74 stars 31 forks source link

Pod Readiness confusion in Troubleshooting Deployments guide #259

Open nickperry opened 4 years ago

nickperry commented 4 years ago

Throughout https://learnk8s.io/troubleshooting-deployments there seems to be some confusion between the containers of a pod being ready and the pod itself being ready.

It is not possible to determine that a pod is ready from the default kubectl get pods output - only whether it is Running and how many of its containers are ready.

It is (unfortunately) possible for all of the containers in a pod to be Ready but the the Pod itself not to be Ready.

This is an important distinction and alters the fault finding flow.

You can see if a pod is ready in the Conditions section of kubectl describe pods...

Conditions: Type Status Initialized True Ready True ContainersReady True PodScheduled True

danielepolencic commented 4 years ago

It is (unfortunately) possible for all of the containers in a pod to be Ready but the Pod itself not to be Ready.

Could you offer an example of this?

While I understand the points about multiple containers being (not) ready, I struggle to think of a scenario where all containers are Ready but the Pod isn't.

I think the diagram doesn't do a stellar job of explaining that you could have multiple containers inside a pod and some of them could be broken.
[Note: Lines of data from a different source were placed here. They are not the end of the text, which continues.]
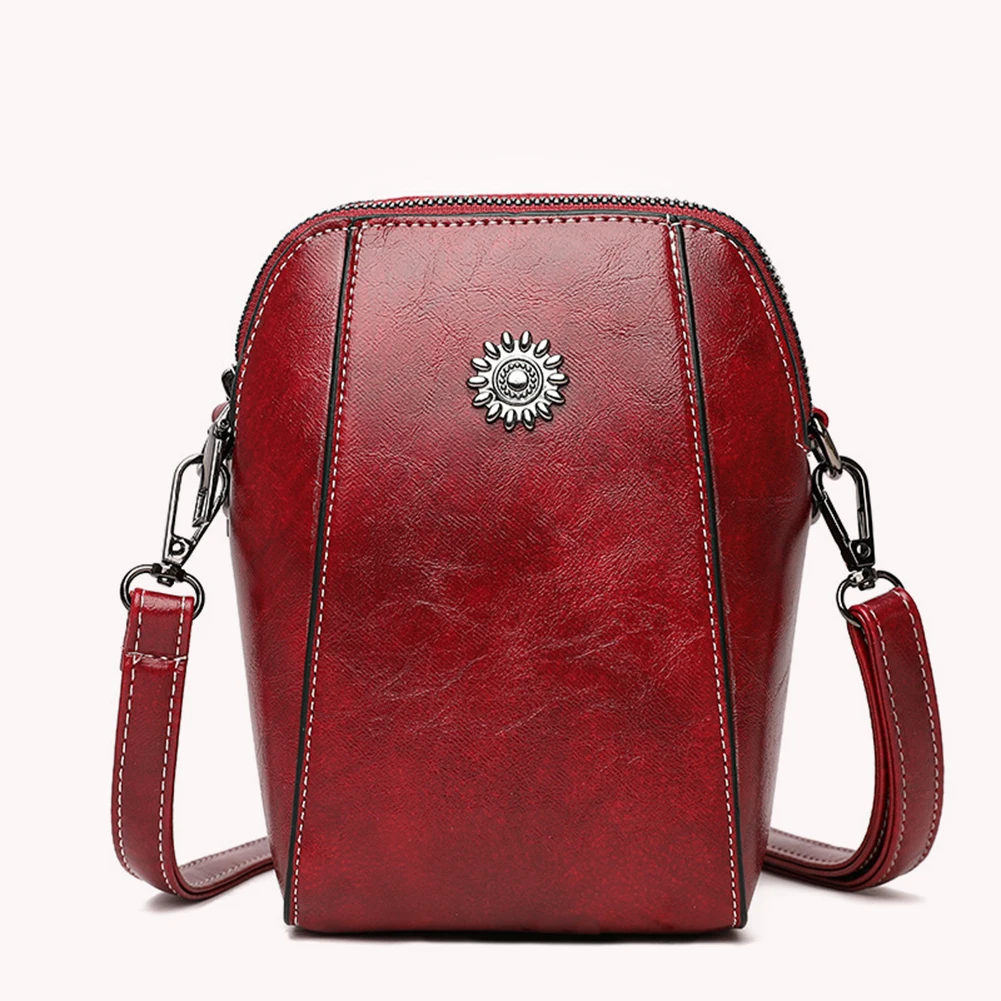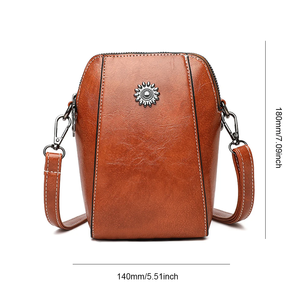 Women All-Match Leather Bag Solid Color Vertical Cellphone Bag Waterproof Scratch-Resistant Versatile Zipper Female Daily Bag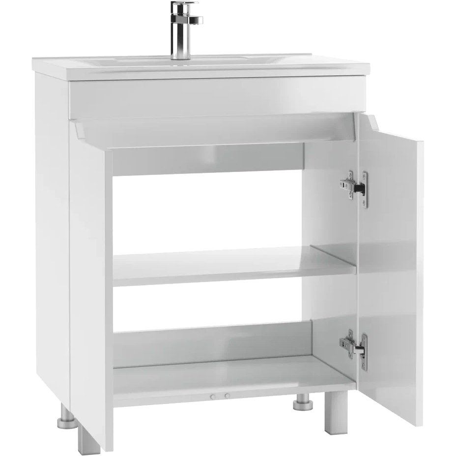 Тумба Домино Optima 65 имеет компактные габариты — 63 см в ширину, 44,1 см в глубину и 82 см в высоту, благодаря чему легко разместится даже в небольшой ванной комнате. Корпус выполнен из ламинированного древесно-стружечного плита с защитным эмалевым покрытием, а фасады — из традиционного МДФ, также покрытого эмалью, что придаёт изделию устойчивость к влаге. Включает надежные дверки для простоты хранения. Гарантия на тумбу составляет 2 года.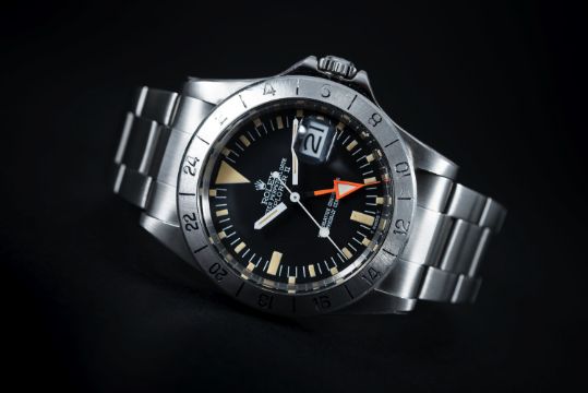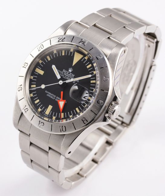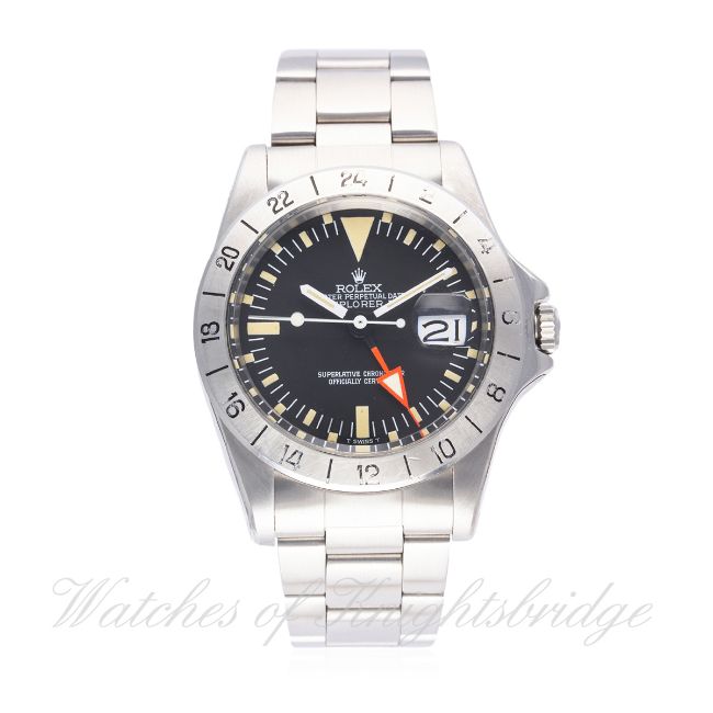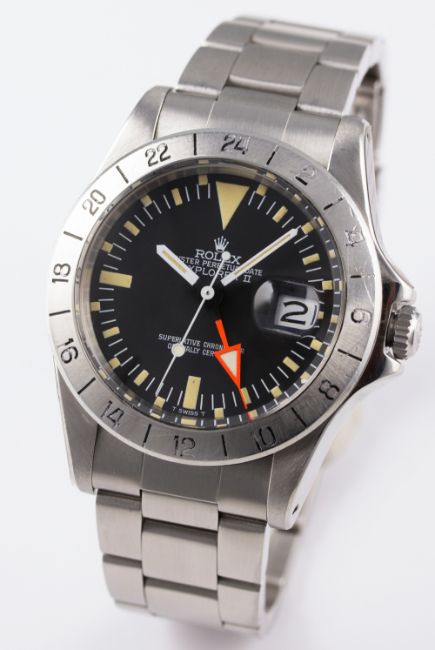 A RARE GENTLEMAN'S STAINLESS STEEL ROLEX OYSTER PERPETUAL DATE EXPLORER II "ORANGE HAND" BRACELET WATCH CIRCA 1978 REF. 1655 "RAIL DIAL" D: Black dial with luminous markers & hands, dual time zone orange hand, date aperture. M: Automatic chronometer movement, signed Rolex & numbered. C: Oyster case with 24 hour bezel, signed Montres Rolex S.A., numbered, Rolex crown, case diameter measures approx. 38mm. B: Rolex Oyster bracelet, numbered V8/78360/580.CONDITION REPORT D: Original dial in excellent condition, luminous showing a nice patina. M: Working at present. C: In excellent condition. B: In excellent condition. D: Dial / M: Movement / C: Case / S: Strap / B: Bracelet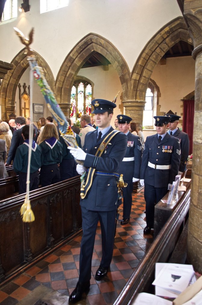 Standard parties from Number II (Army Cooperation) Squadron from RAF Lossiemouth, Standard bearer Flt Lt Simon Bowman with Warrant Officer Duncan Olsen and party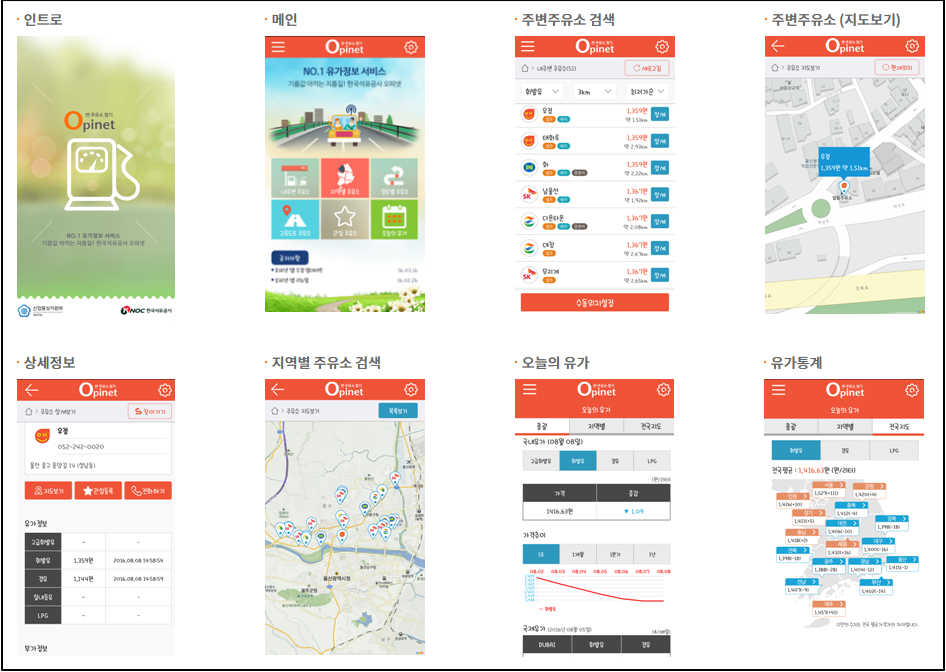 | 충전소 가격 | LPG, 천연가스 등 자동차 충전소 정보 포함 |

In fact, we don't have:

kubectl logs -c to select a specific container or kubectl logs --all-containers
kubectl exec -c
init containers

Those were left out on purpose as the aim of the diagram was to target newcomers. However, we're not against including more branches.

nickperry commented 4 years ago

Sure. Here are a couple of examples of when you would have running pods with ready containers but the pods would not be marked as ready:

https://github.com/kubernetes/kubernetes/issues/80968 https://github.com/kubernetes/kubernetes/issues/84931

We had a serious production outage due to this a couple of weeks ago. Pods all running fine, but no endpoints for services.

I guess it depends if you want your fault finding flow to assume perfect control plane behaviour or not. Most monitoring products make the same assumption unfortunately.

cjroebuck commented 4 years ago

Just ran into this issue too in production!